Ellie Goulding doesn’t seem too worried at first about the consequences of a drunken one-night stand on her electropop hit “On My Mind.”

But much to her surprise, her heart gets involved after her body does, and she discovers she can’t quit thinking about the guy she so casually hooked up with.

No Such Thing as a Casual Connection

Goulding confesses straightaway that “cute” was all it took for them to hook up. Well, cute plus booze. “Next thing you know I’m in a hotel with you.”

He’s into her, big time, “talking deep like it was mad love,” while she “just liked [his] tattoos.”

The song leaves the explicit details about what happens next undescribed. But it seems pretty clear that this pair didn’t suddenly decide to stop and get coffee at the corner café. And then it happens: Goulding just can’t quit thinking about the guy. “And I know I shouldn’t say it,” she confesses sheepishly, “But my heart don’t understand/Why I got you on my mind.”
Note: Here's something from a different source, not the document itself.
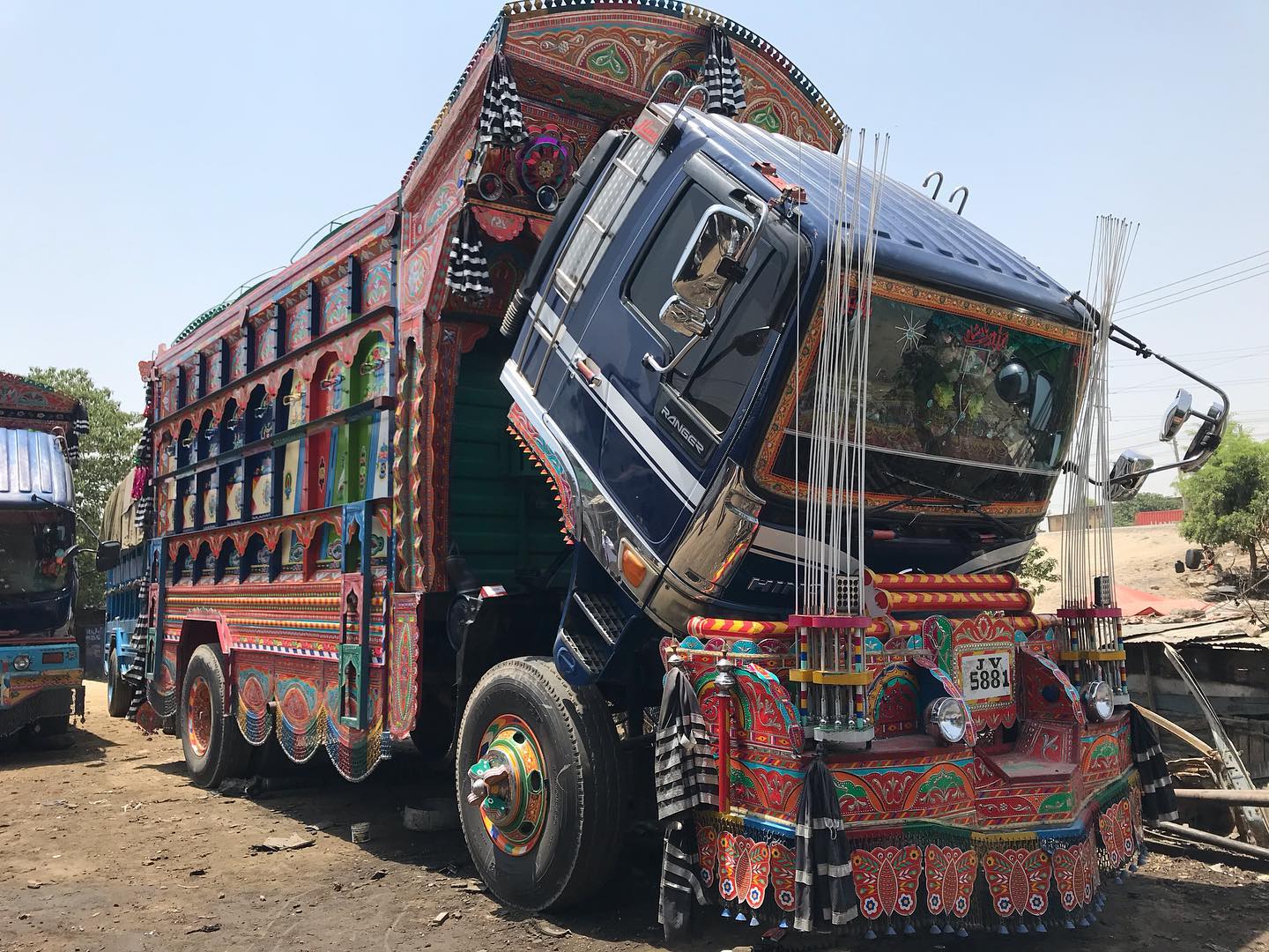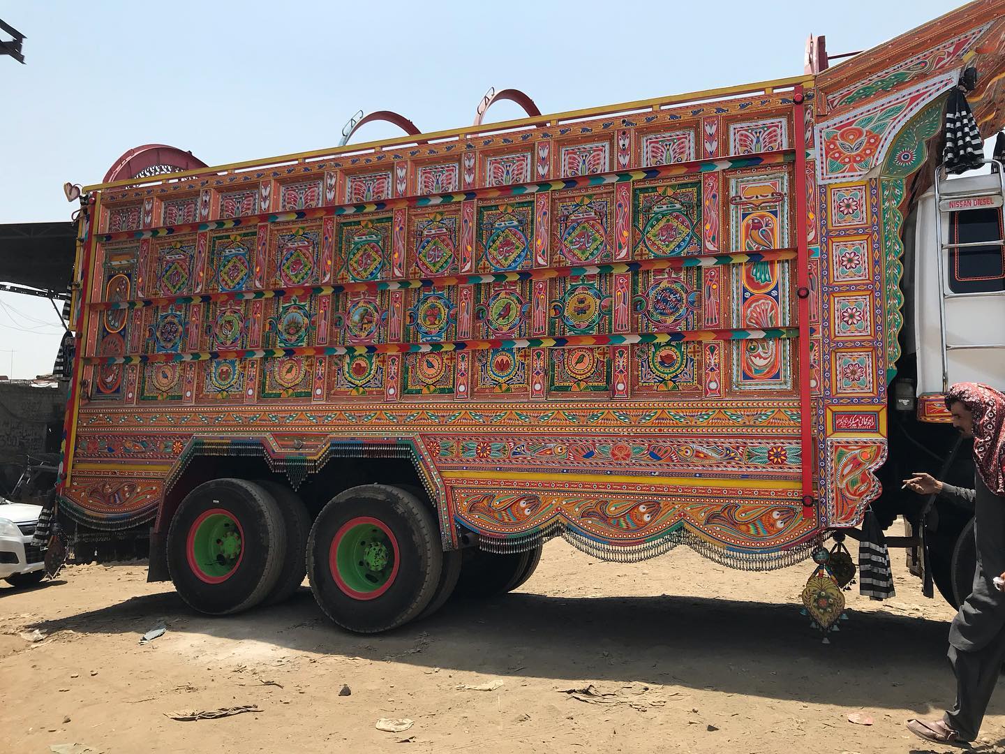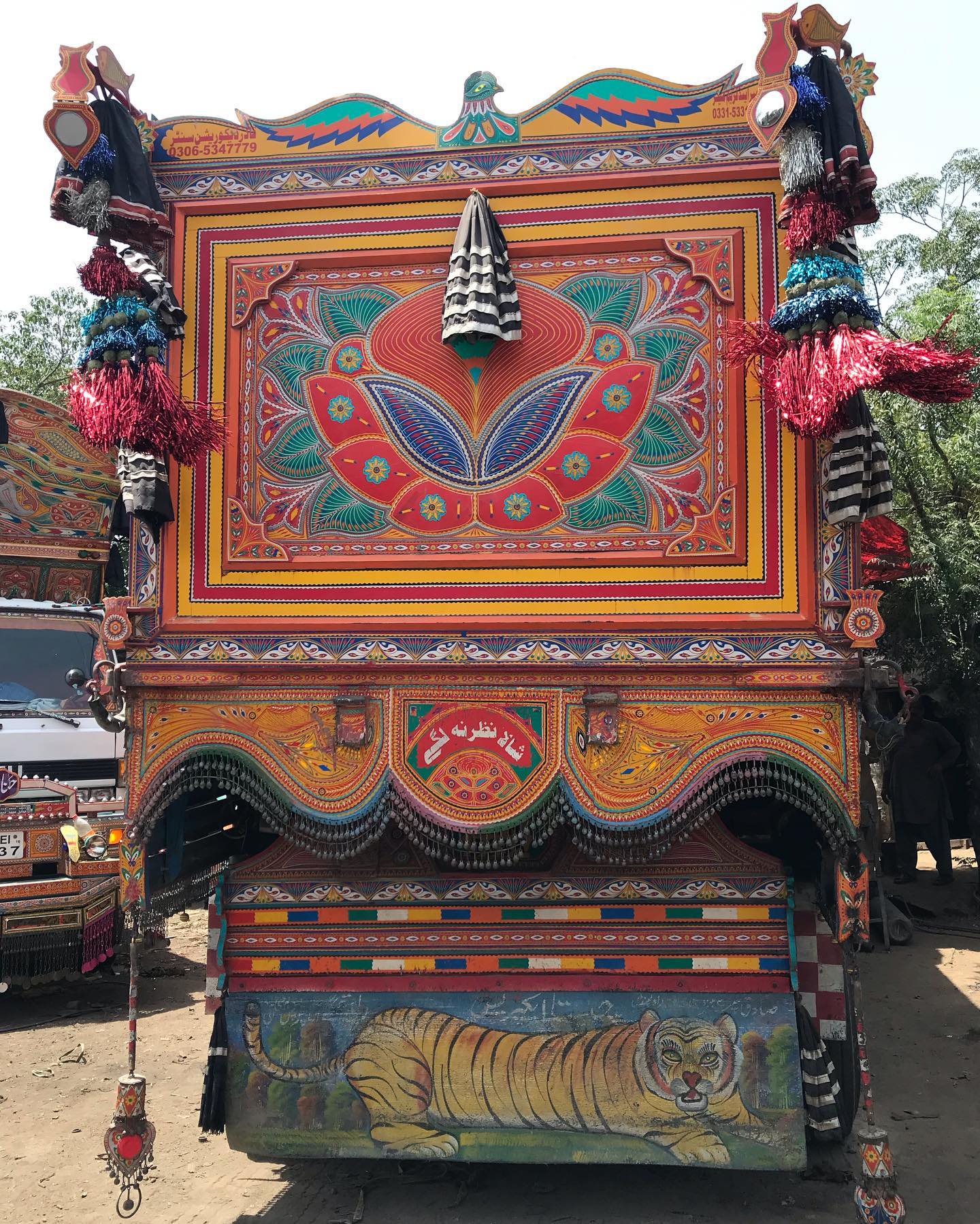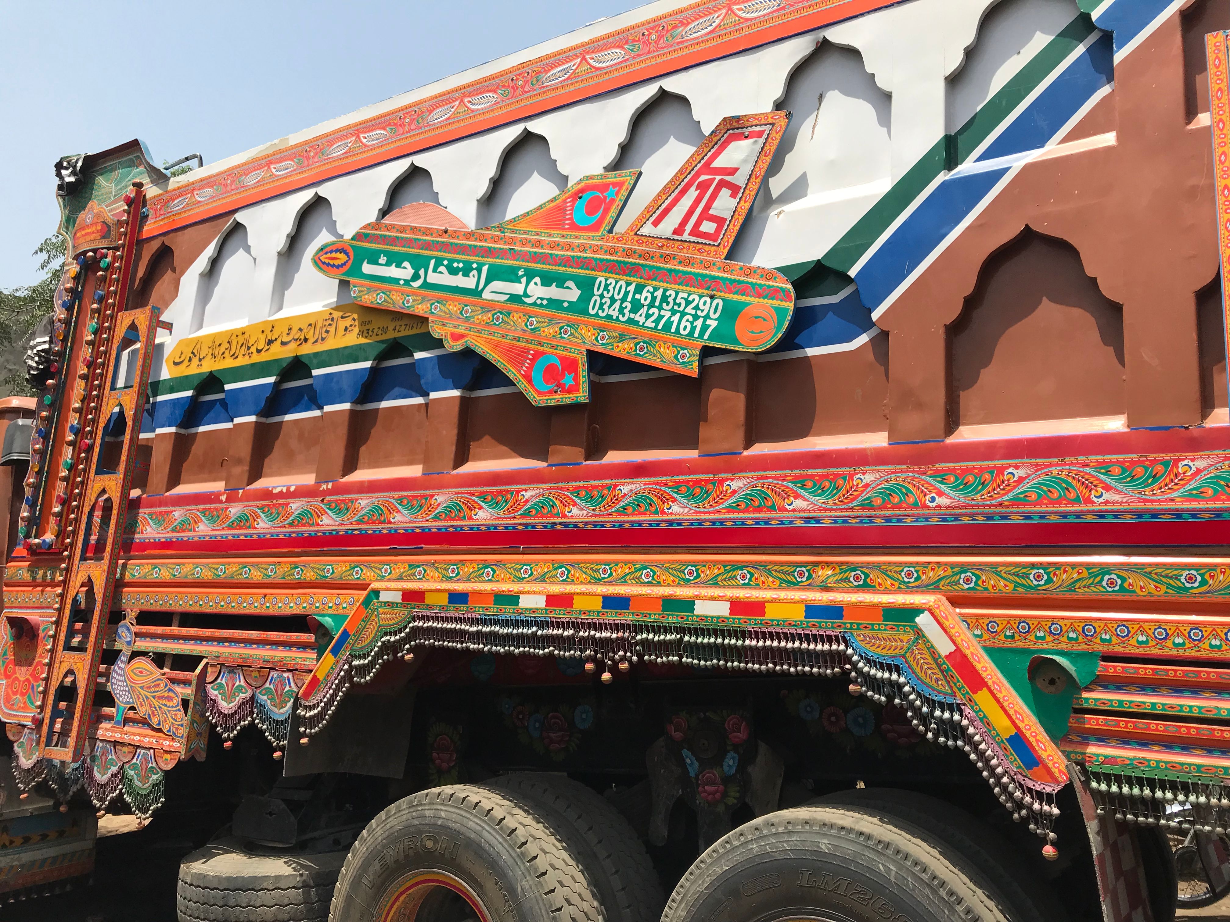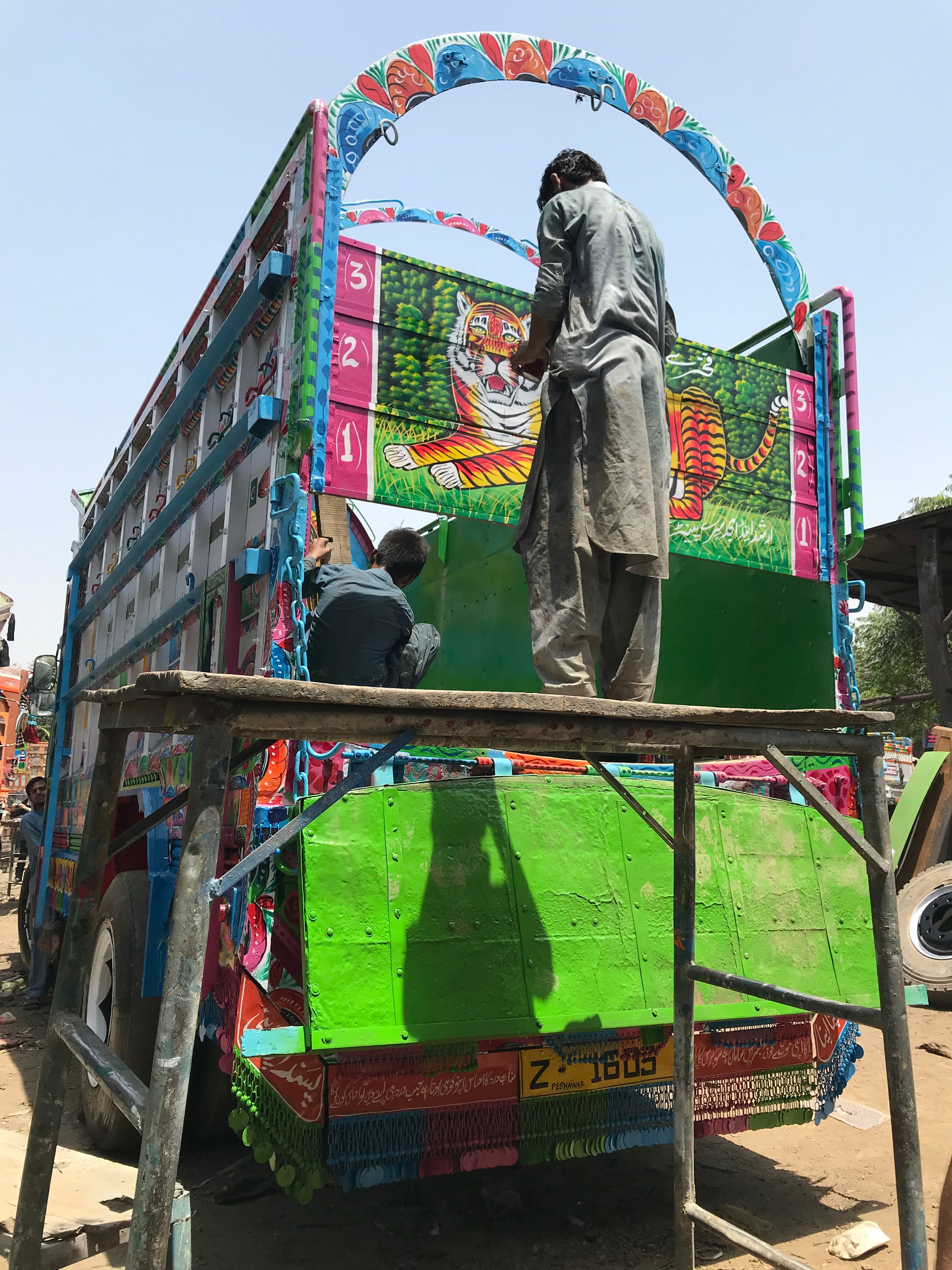 Trucks and buses that travel the span of Pakistan are highly customized and decorated by their owners. External truck decoration can cost thousands of dollars, but the significance is beyond measure to drivers that spend weeks or months away from home. Designs are often meaningful reminders of home, as well as good luck charms for maneuvering winding, exposed, and often dirt roads. The art is a mode of expression for the truck drivers.

Remember, she’s the one who just wanted the one-night stand. No string attached. No heart engagement, just body movements.

But.

“I always hear, always hear them talking/Talking ’bout a girl, ’bout a girl with my name/Saying that I hurt you, but I still don’t get it/You didn’t love me, no, not really.”

Finally, her big emotional revelation: “Wait, I could have really liked you/I’ll bet, I’ll bet that’s why I keep thinking ’bout you/It’s a shame, you said I was good.”

OK. Time for some more drinking: “Poured it down, so I poured it down.”

Riding Herd on Your Heart

This Ellie Goulding hit could serve as an accidental cautionary tale about the perils of postmodern “love,” circa 2015. Much has been written about the hook-up culture in which men and women are more likely to exchange bodily fluids than they are phone numbers or even names, much less vows. And what Ellie has narrated here fits that tawdry template to a T.

She also perhaps unconsciously illustrates the reality that uniting your body with a stranger’s is something that engages the heart as well—even for someone who isn’t at all interested in an emotional connection. Or at least doesn’t think she’s interested.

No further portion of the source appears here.